May 3, 2006
1:00 pm EST
Web Conference
Mounting evidence is showing that well-focused investments in early childhood development yield high public and private returns. Among the different strategies that encourage positive outcomes in young children, home visiting programs have seen some of the most promising results. Many states have made substantial commitments to these programs, which send trained visitors to the homes of expectant and new parents to support them in providing safe, healthy environments to their children.

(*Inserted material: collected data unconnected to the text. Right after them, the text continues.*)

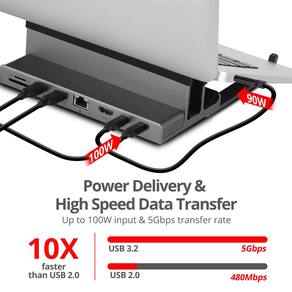 O CE-MTDK21-S1 é um suporte multifuncional para laptop e estação de ancoragem que oferece visuais de exibição 4K e várias conexões periféricas ao usar seu laptop, além de manter seu desktop bem organizado e eficiente em termos de espaço.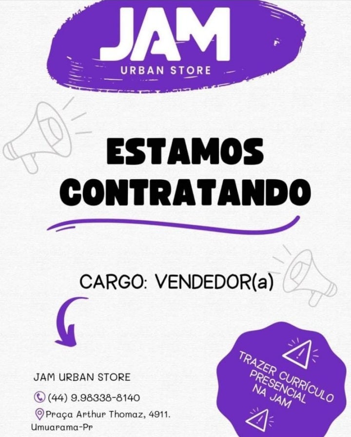 A loja Jam Urban Store também divulgou, através de suas redes sociais, que está com uma vaga disponível para o cargo de vendedor, em Umuarama.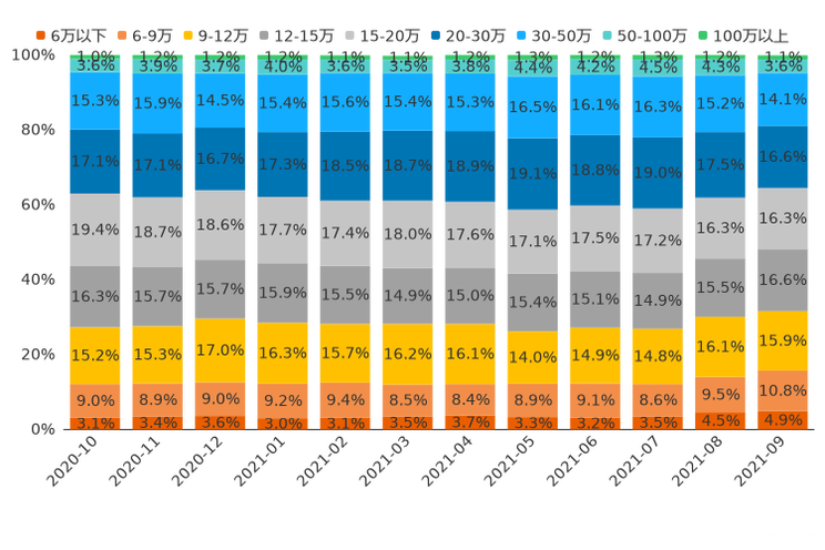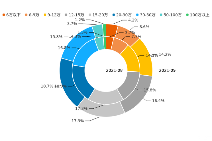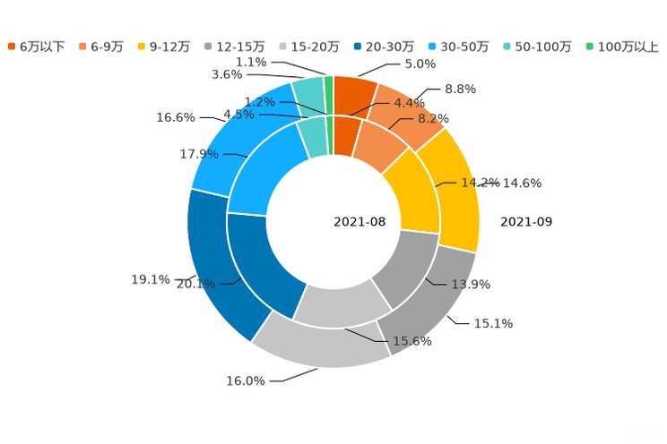通过分析近12个月的用户意向数据发现,2020年10月至今年9月,12万以下价区用户意向占比增加4.3%,随着人们收入水平提高,低价市场热度有所升温;12-20万价区用户意向占比下滑2.8%,市场热度有所下滑;20万以上价区意向占比,下跌1.6%,其中,30-50万价区市场热度下滑明显,汽车消费升级受阻,近12个月用户意向占比下跌1.2%。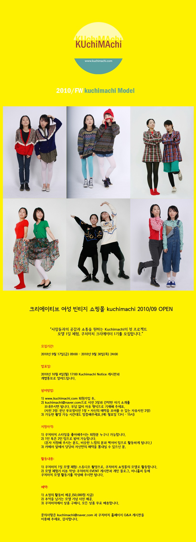 2) kuchimachi@naver.com 으로 사진 3장과 간략한 자기 소개를 보내주시면 됩니다. 부담 없이 자유 형식으로 작성해 주세요.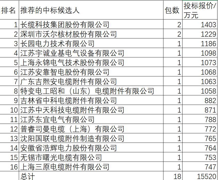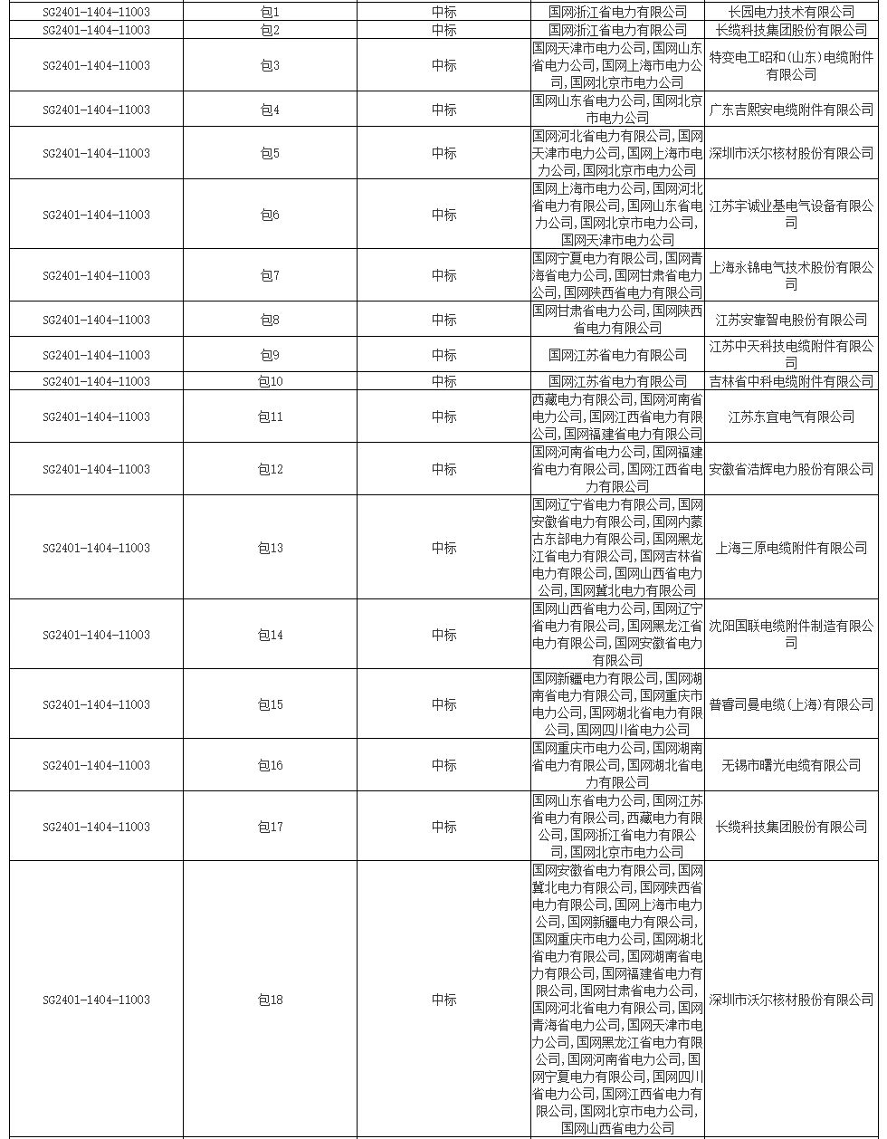 3月12日,國網(wǎng)公司電子商務(wù)平臺(ECP)網(wǎng)站發(fā)布國家電網(wǎng)有限公司2024年第一批采購(輸變電項(xiàng)目第一次變電設(shè)備(含電纜)招標(biāo)采購)中標(biāo)公告(招標(biāo)編號:0711-240TL00211001),其中分標(biāo) SG2404-1404-11003電纜附件共18包,有16家供應(yīng)商中標(biāo),具體見下圖。

Although a growing body of research has been evaluating the merits of different home visiting models, much less is known about what it takes to reproduce and sustain proven programs successfully in new settings. This web seminar will explore some of the difficulties and challenges states and the programs they support encounter in building systems that reproduce positive results. Panelists will discuss:
- Addressing implementation challenges such as participant engagement and model fidelity
- Determining appropriate outcomes and measuring effects in a way that informs policy and practice decisions
- Securing appropriate and sustainable funding streams
- Navigating the political and professional battles that surface when home visitation programs are grafted onto existing service delivery systems or seek to satisfy the diverse desires of multiple stakeholders
- Sustaining legislative and public support
Researchers from Chapin Hall will draw examples from their research on home visitation services developed as part of building an early intervention system in Cuyahoga County in Ohio (Cleveland) to illustrate how some of these issues played out.
Panelists include:
- Deborah Daro, Research Fellow, Chapin Hall Center for Children at the University of Chicago
- Eboni Howard, Associate Research Scientist, Herr Research Center for Children and Social Policy at the Erikson Institute
- Lisa Schreiber, Director of Healthy Families America, Prevent Child Abuse America
- Susan Stepleton, President and CEO, Parents as Teachers National Center
- Moderator: Martha Shirk, Author, On Their Own: What Happens to Kids When They Age Out of the Foster Care System
This web seminar is made possible by the generosity of the Col. Stanley R. McNeil Foundation.